KERRE REDISCOVERS HOW HOME LIFE CAN BE THE MOST REWARDING TYPE OF WORK
Ihad forgotten. I had totally forgotten just how much hard work is involved in looking after small children. Maybe it’s because I’m a couple of years older and so is Bart – who’s not a baby anymore, but a beautiful, strong, kind and clever nearly two-year-old. Maybe, too, it’s the fact that my son-in-law broke his leg a couple of weeks before the second baby was due to be born, rendering him completely incapable of performing household or child-wrangling duties.
Also at the same time, my daughter was diagnosed with a back injury common in tiny women who have two babies in relatively quick succession. Basically, I hit the ground running when I landed in London nearly two months ago, and life since then has been a constant whirl of playgroups, park visits, meal preparation, household chores and navigating London city.
Breakfast and lunch is a haphazard affair – I don’t think I’ve drunk a cup of coffee without reheating it twice since I arrived. And lunch quite often consists of the leftover eggy toast or sliced cucumber and hummus on Bart’s plate once he’s gone down for his afternoon nap. Every night, I have collapsed onto my fold-out sofa in the lounge, utterly exhausted. And yet I have never been happier or more fulfilled.
I have so enjoyed being useful and the relationship I’ve been able to build with Bart is a joy beyond compare. But as I say, it is jolly hard work. I am in awe of my daughter’s abilities as a wife and mother. Thanks to her clever husband, she’s had the opportunity to stay home with Bart – and despite graduating law school and being an award-winning PR consultant, she has chosen to invest her talents and her formidable energy into her family. Probably not forever, but long enough to give her best to her babies.
It helps that she’s a systems and processes kind of girl. She dresses and puts her make-up on when she wakes up, she completes household chores as she goes and she preps the night before. I don’t know how she does it all. Neither does her husband. We both agree that going to a paid job is so much easier than running a home.
When I was left in sole charge of Bart and the house while his mum and dad went to the hospital to have his sister, I surveyed the carnage after I’d put Bart to bed and wondered where on earth to begin. It looked like the house had been bombed with a missile packed with mixed vegetables. Every toy in Bart’s collection was scattered throughout the house and every item of clothing he possessed was trailed from his room to the kitchen.

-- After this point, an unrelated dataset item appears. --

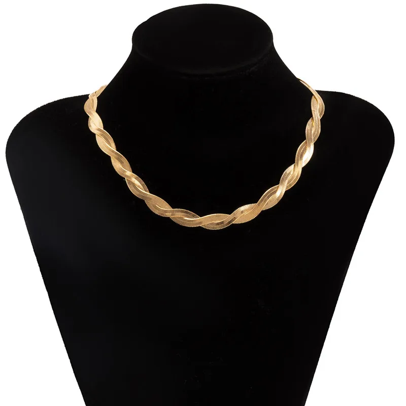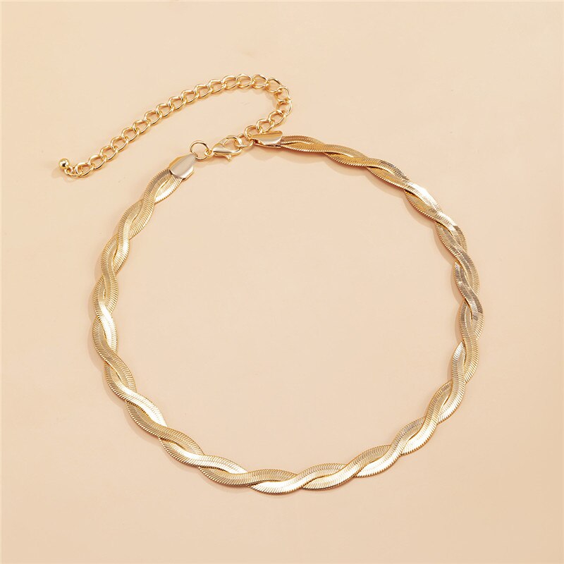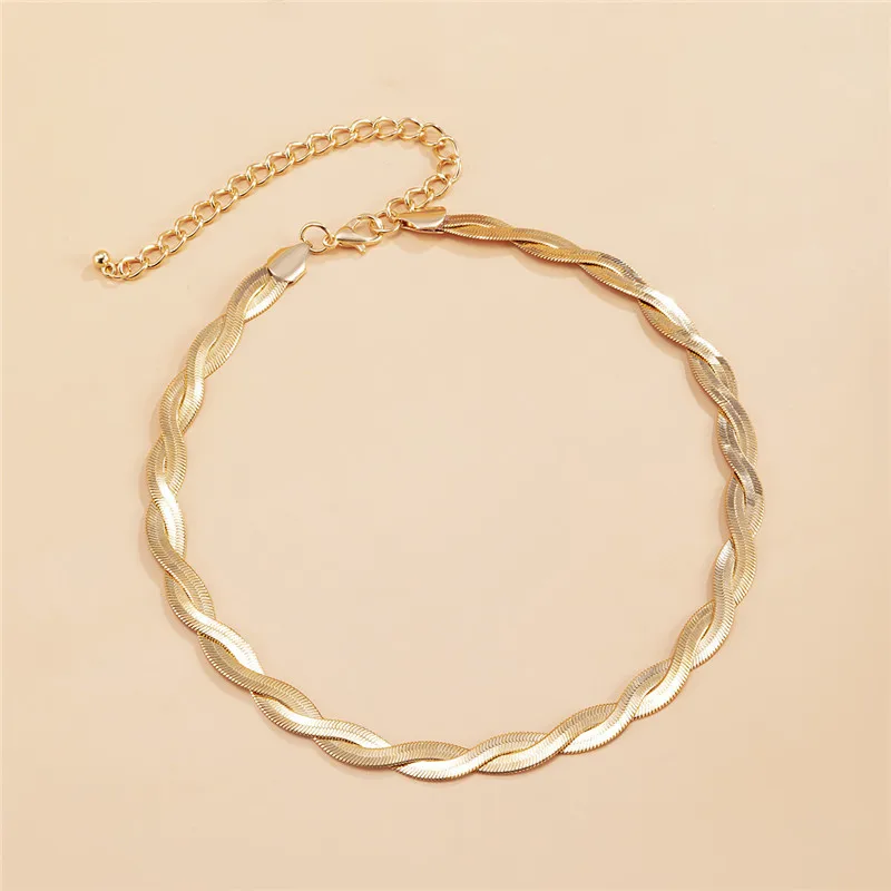 Korean Version Ins Style Single Layer Winding Snake Bone Necklace Of Women Simple Temperament Woven Metal Clavicle Chain Jewelry

Dishes and laundry were backed up and I had no idea where to begin. When I confessed to Kate later, she told me it didn’t matter a bit. She would far rather Bart was happy than the floor being mopped. Basically, she was saying we are different people. And that’s a very generous interpretation.
But I would like to end this column by saying just how aware I am of the incredible job that stay-at-home parents and grandparents raising grandchildren do. It has irregular, brutal hours and it’s a job that isn’t really appreciated by society at large.
I’ve only been playing at the role of caregiver. Those who are “it” for little ones know that their responsibilities extend for years, not weeks. But even though I’m only a part-timer, I’m sure we can agree that having a beautiful little human put their faith and trust in you; that storytime with a freshly bathed toddler snuggling into you; that sitting doing nothing other than holding a brand-new baby in your arms, settling her with your heartbeat, brings far more rewards than any paid employment could ever do.